The curriculum provider Great Minds is suing FedEx in federal court in New York City, arguing that the delivery and printing company needs to compensate the education organization for the money FedEx makes from requests from schools to copy materials that Great Minds created and makes available on an open license.

Open educational resources are typically defined as free materials licensed through agreements that allow them to be reproduced, shared, and modified—or resources that are in the “public domain,” meaning not subject to copyright.

Great Minds, a nonprofit, offers academic content across a variety of subjects. It has offered a math curriculum, Eureka Math, on an open license created by Creative Commons, an author of those agreements.

While some teachers and schools using the Great Minds’ Eureka Math product are copying resources on their own, others have taken those resources to FedEx stores. As a result, FedEx is profiting through a “commercial use” of the open resources without proper permission, argues Great Minds, which demands that FedEx stop doing that work—or pay a royalty.

Word of the lawsuit is spreading among K-12 officials, even if the implications are likely to vary greatly by district, said Barbara Soots, the open educational resources program manager for the Office of the Superintendent of Public Instruction in Washington state.

Soots, whose agency has supported the use of open resources, informally surveyed some Washington school officials for their views of the legal dispute, and said there was some anxiety, and much confusion.

New Burdens for K-12?

One of the biggest worries is that districts would become tangled in a web of legal questions about their rights—or the rights of a company they hire—to produce the classroom materials teachers and students need right away, she said.

It could end up “placing the responsibility on the educator, or the district, and that’s not really a good use of their time,” Soots said. And it could impede “one of the stated benefits of open educational resources,” she added, which is their easy accessibility and versatility.

In its lawsuit, Great Minds says it would not make its materials available for free for noncommercial use “if in doing so it gave up its right to charge a royalty for commercial reproduction.”

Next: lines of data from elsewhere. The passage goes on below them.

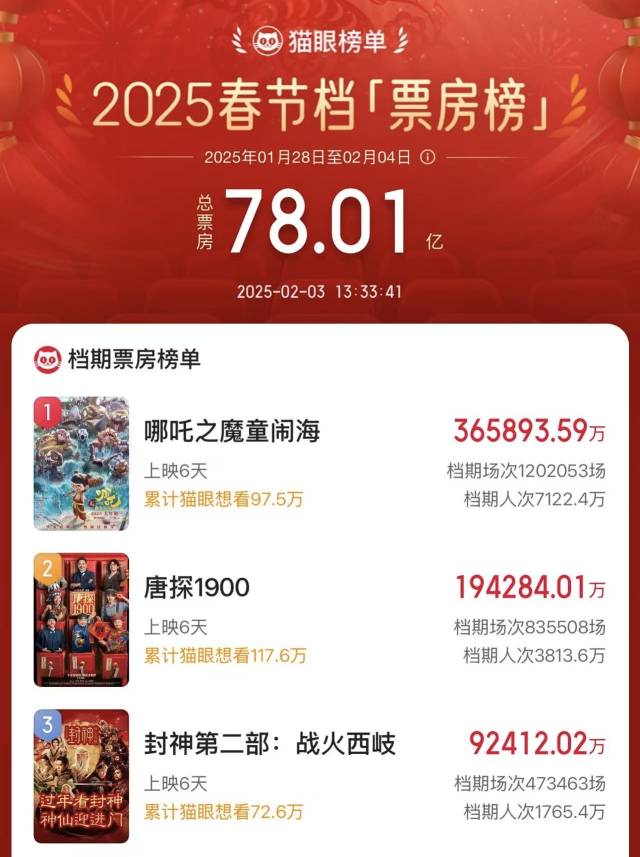 据猫眼专业版数据,2月3日13时33分,2025春节档总票房(含预售)突破78亿元,今日有望刷新影史春节档票房最高纪录(2024年春节档总票房80.16亿元)。《哪吒之魔童闹海》《唐探1900》《封神第二部:战火西岐》分列春节档票房榜前三位,其中《哪吒之魔童闹海》占2025春节档总票房比例超过45%。
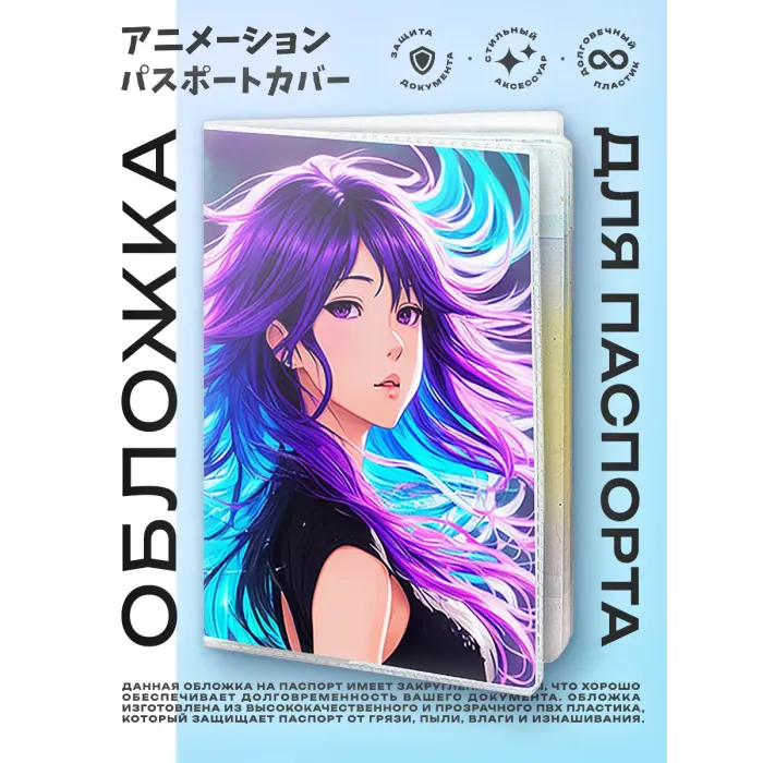 Обложка для паспорта выполнена из прозрачного ПВХ пластика и украшена яркой полиграфической вставкой с изображением аниме девушки. Этот стильный аксессуар не только защитит паспорт от повреждений, но и добавит индивидуальности. Упакована в удобный полипропиленовый пакет с вырубкой под еврокрючок, что делает её идеальным вариантом для подарка или личного использования. Обложка станет отличным спутником в путешествиях и повседневной жизни, отражая увлечение миром аниме.
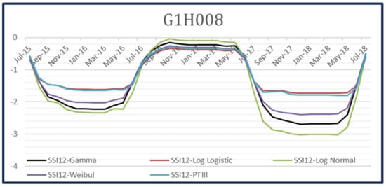 The results of the SSI calculation using the Gamma, Log-Logistic, Log-Normal, PTIII, and Weibull PDFs are shown in Figure 4, Figure 5 and Figure 6. In Figure 4 (G1H008), it can be observed that the SSI12 time series computed using the Gamma, Log-Logistic, Log-Normal, PTIII, and Weibull PDFs produced drought events with similar onset and end times but with different intensities and magnitudes. As shown in Table 4, between November 2004 and June 2005, the SSI12 computed using Gamma, Log-Normal, and Weibull PDFs produced severe (−1.6) drought conditions, while the SSI12 computed using Log-Logistic and PTIII PDFs produced moderate (−1.4) drought conditions. As shown in Table 5, between December 2015 and April 2016, the SSI12 computed using Gamma, Log-Normal, and Weibull PDFs produced extreme and severe (−2.2, −2.3, and −2.0, respectively) drought conditions, while the SSI12 computed using Log-Logistic and PTIII PDFs produced severe (−1.6) drought conditions.
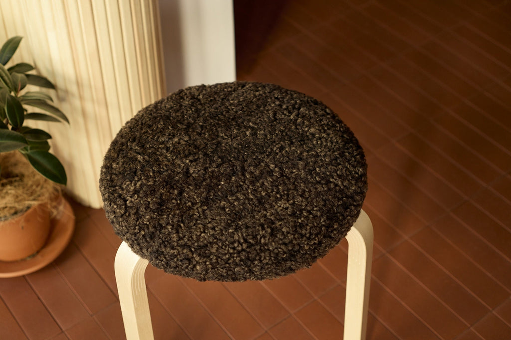 きめ細かく、柔らかく、通気性に優れたシープスキンを張った「スツール 60 シープスキン」が新入荷。羊革の中でも、シープスキンは生後1年以上が経過した羊から採れる革を指します。羊革は脂肪が多いことから、強度では牛革などに比べるとやや劣りますが、逆にきめ細やかさと柔らかさがあり、さらに繊維の隙間に空気が残ることによって、高い保温性があります。ふんわりとした雰囲気で、インテリアに優しさと温かみを添えてくれる2種類の組み合わせで展開します。
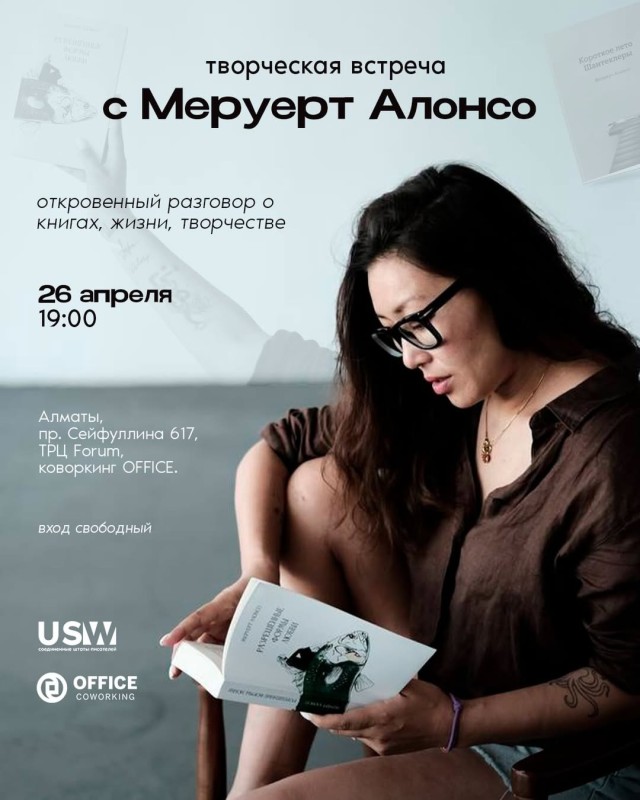 ▫️ Меруерт Алонсо — писательница, развивающий редактор и издатель, автор писательской лаборатории «Другой текст», основатель издательства Write and Publish, автор книжного клуба Room15, член Евразийской творческой гильдии, резидент USW и автор книг «Разрешённые формы любви», «Короткое лето Шантеклеры», «Приключения девочки Клоэ».
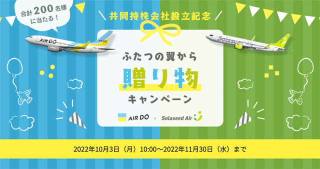 10月に共同持株会社を設立するエア・ドゥ(ADO/HD)とソラシドエア(SNJ/6J)は9月26日、航空券やオリジナルグッズなどを抽選でプレゼントするキャンペーンを、持株会社化する10月3日から始めると発表した。また、3日は羽田空港で記念式典を開き、記念品などを用意する。
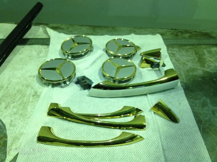 - Гальваническое золочение элементов интерьера и экстерьера (шильды, значки, решетки радиатора, колпачки на ступицах, ручки дверей, молдинги;
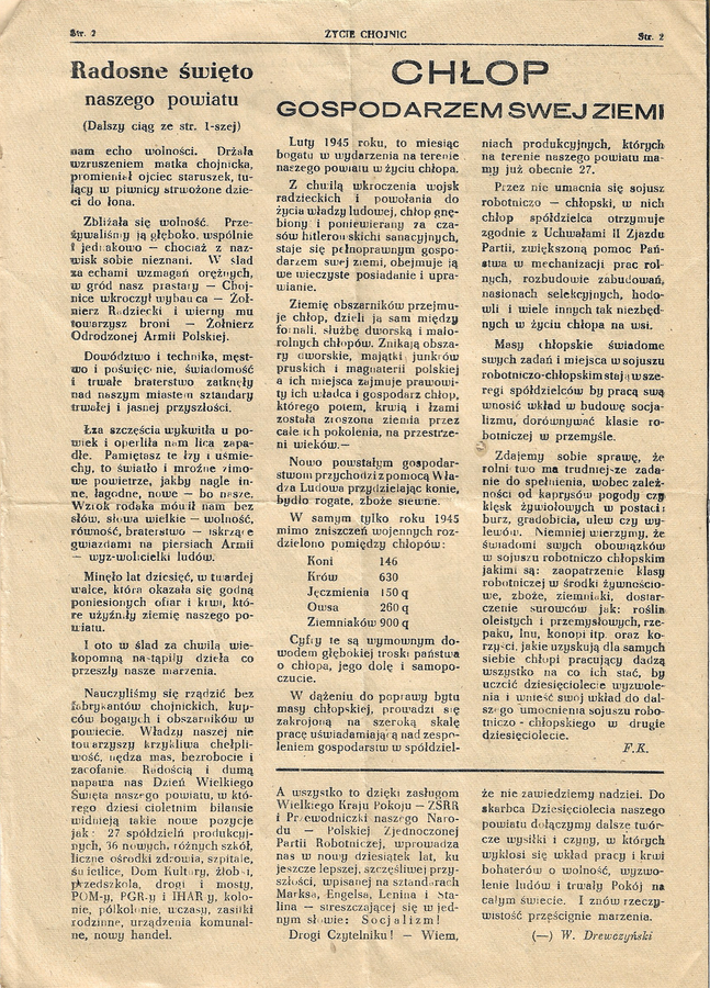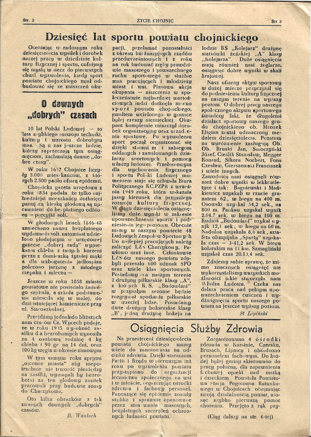 „ŻYCIE CHOJNIC” Z 1955 ROKU
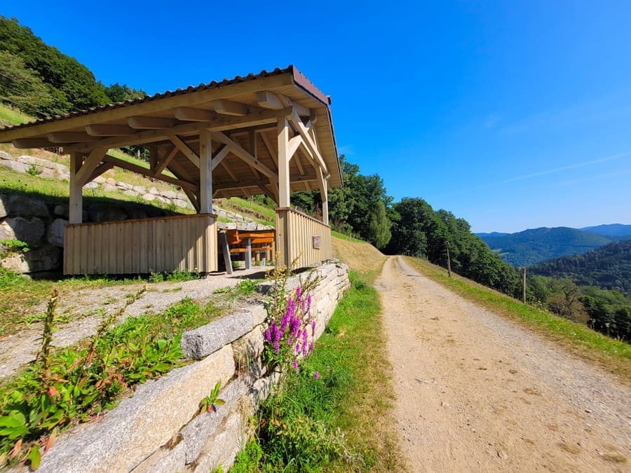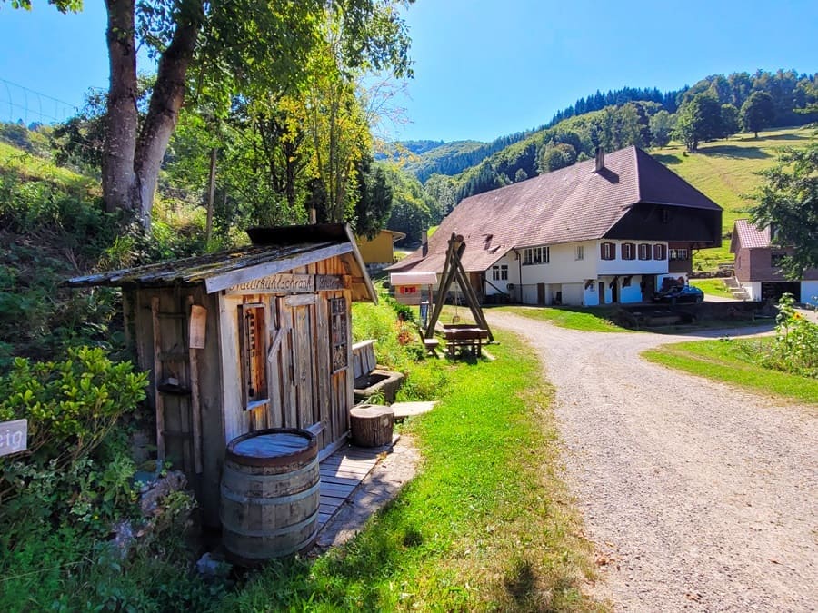Ein wirklich lauschiges und schattiges Plätzchen bietet der Hausacher Bergsteig am Klausmannshof. Nach dem kurzweiligen Plausch mit den Bewohnern machen wir uns wieder auf den Weg. Und auf dem Rundweg in Richtung Hausach wandern wir nun wieder etwas mehr als 200 Höhenmeter bergauf.
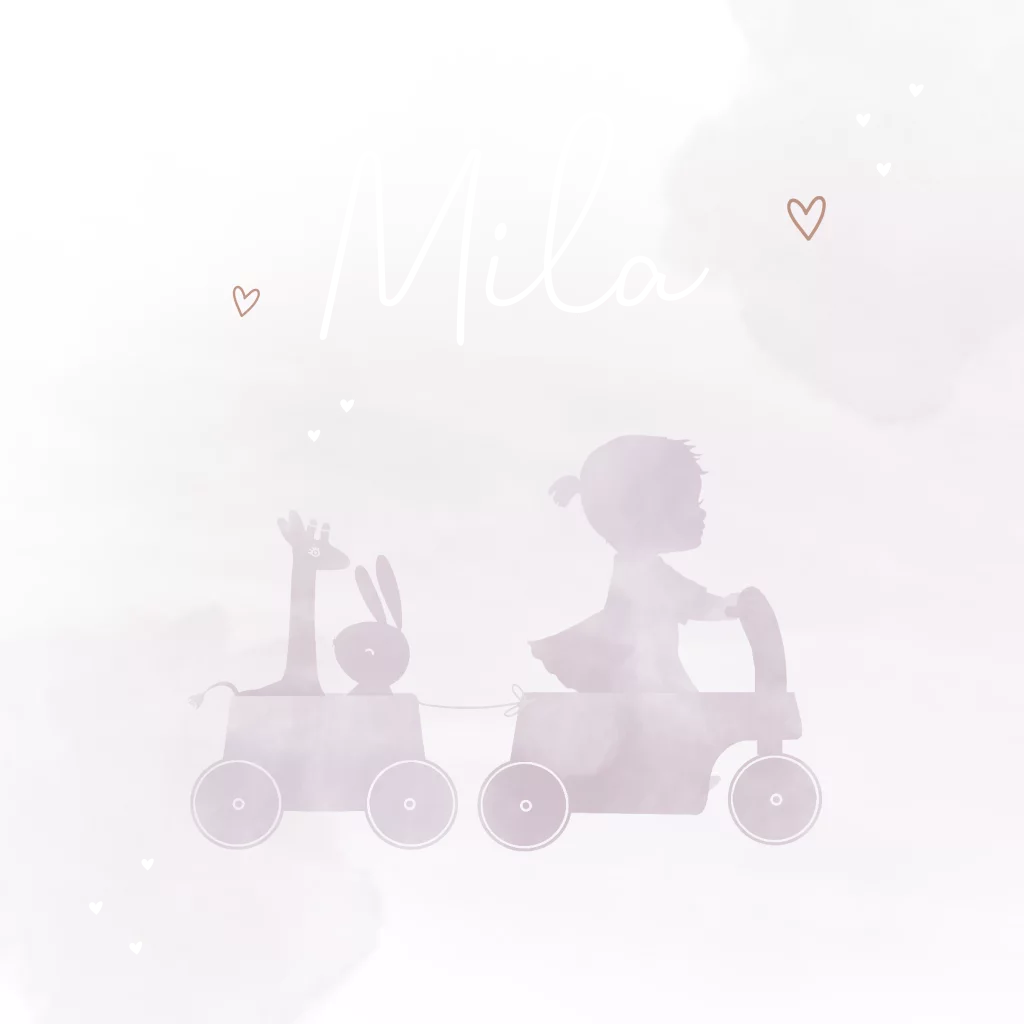 Kondig de geboorte van jullie dochtertje aan met dit luxe kaartje. Het kaartje heeft een paarse achtergrond met het silhouet van een meisje op een kar. Het kaartje heeft roségoudfolie details. Bestel snel een proefdruk om dit kaartje in het echt te zien!

The money Great Minds collects from agreements with other companies that copy its open materials supports the organization’s “continual improvement of its existing curriculum and development of new curriculum,” it says.

Recouping Costs

Creative Commons has itself weighed in on the court fight in opposition to Great Minds’ argument, asking the judge overseeing the case for permission to file a brief backing FedEx’s position.

If the court were to accept Great Minds’ reasoning in the case, it would be “profoundly damaging” to the use of open educational resources in schools, and by the public at large, Creative Commons has told the judge.

Creative Commons licenses have been used for more than 1.1 billion works, the organization says, and 14 percent of those works are governed by the specific type of license at the heart of this case. The Creative Commons license used by Great Minds is known as a “CC BY-NC-SA 4.0,” allowing for noncommercial use of the materials, as long as they are attributed to the source and redistributed or modified under the same licensing terms as the original works.

While the lawsuit has implications for K-12, the dispute focuses on an issue that is becoming less of a concern because of overall trends in open licensing, said David Wiley, a longtime proponent of open resources and the chief academic officer at Lumen Learning, a company that provides support for open resources users. Many providers of open resources today are choosing a different type of open license entirely, he said, one that allows for more flexibility and greater commercial use, without restriction—decreasing the likelihood of a battle over who can profit from it. (Wiley said he is an unpaid education fellow at Creative Commons.)

The use of “older, legacy” open content will be affected by the lawsuit, Wiley said, but “the trend is to move toward an even more ‘open’ license.”

Great Minds has been one of the organizations contributing academic resources to EngageNY, a popular online site launched by the state of New York that offers open materials and has become a go-to resource for millions of educators around the country.

While Great Minds created those resources and offers them for free on the site, it also publishes and sells book versions of the materials and uses the money to support its operations. That money allows the organization to recoup some of its costs and improve and build on its materials, Great Minds officials said.

Some backers of open education materials say the strategy of allowing vendors to make some money off their production of open resources is essential to creating a sustainable market for those resources as opposed to forcing them to rely on outside sources for support, such as philanthropies.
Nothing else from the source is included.